Section 2331 of the Revised Statutes (U. S. Comp.'St. 1916, § 4630) provides that claims upon unsurveyed public lands shall conform “as near as practicable with the United States system of public land surveys, and the rectangular subdivisions of such surveys.”
Defendants’ Exhibit A is a map showing the conflict area 1 of the Prospector Association claim with the Anaconda Fraction and the Anaconda Fraction No. 2; also the excess area cast off by establishing a new lower boundary for the Prospector Association claim. It also shows that the Prospector Association claim is bounded on the upper, or easterly, end by the K. P. M. claim, and on the southerly side by the Mohawk Association claim and the Ducky Fraction claim. No claim is shown to join the Prospector Association claim on the westerly, or lower, end.
If the decision of the land office is to be followed in Re Snowflake Fraction Placer, 37 Land Dec. 250, “as nearly as practicable” has a well-defined meaning. It is laid down in this decision that the Land Department is unwilling to approve “shoestring” claims or those of irregular shapes, unless prior locations render such fractional locations necessary in order to appropriate unclaimed area.
Plaintiff asks the court to validate the Anaconda No. 2, being a fractional claim 5,280 feet in length by 125 feet in width. The necessity for making a location in this form is not shown; on the other hand, the evidence clearly shows that the *396plaintiff under section 2331, Revised Statutes, could have located the excess of the Prospector Association claim finally cast off, and such location would have been “as near as practicable with the United States system of public land surveys.” 2 Lindley on Mines (3d Ed.) § 448.
While the courts-are not bound by the decisions of the Land Department, still the courts should consider them and give them full force and effect in proper cases. Hanson v. Craig, 170 Fed. 62, 95 C. C. A. 338.

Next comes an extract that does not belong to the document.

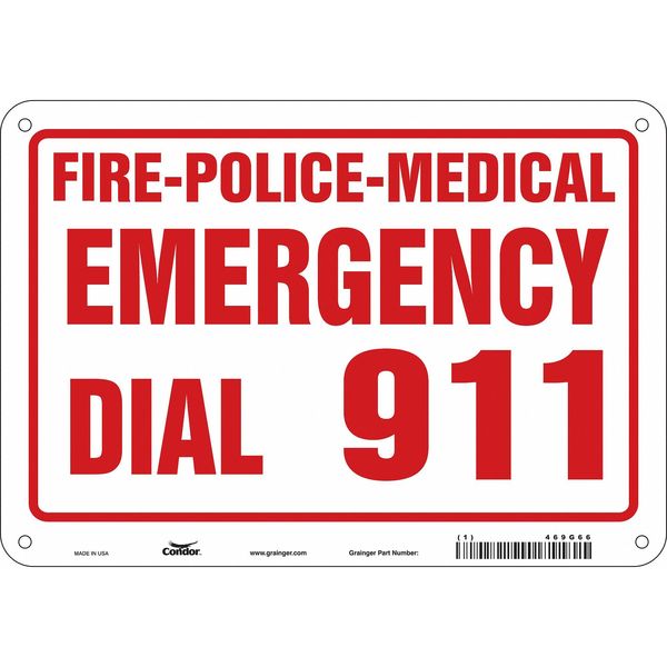 Safety Sign, 10" W, 7" H, 0.032" Thickness, 469G66SKU G5637788Categories SafetyDescription SAFETY SIGN FIRE AND EMERGENCY, Vertical Rectangle, Number of Printed Sides 1, English, Sign Legend Fire-Police-Medical Emergency Dial 911, Sign Legend Background Color White, Sign Legend Style TextgraingerSKU: 469G66, mscSKU: , zoro_no: G5637788, mongo_id: 65bbe8069a749db82276d493

Findings of fact and conclusions of law in accordance with the views herein expressed, together with a decree dismissing the action, may be prepared and submitted. Since defendants reside at Iditarod and the plaintiff resides at Ruby, the defendants may have 60 days to1 prepare, serve, and file their findings of fact and conclusions of law, and the plaintiff may have 60 days after service of the same to prepare and file any proposed amendments or objections.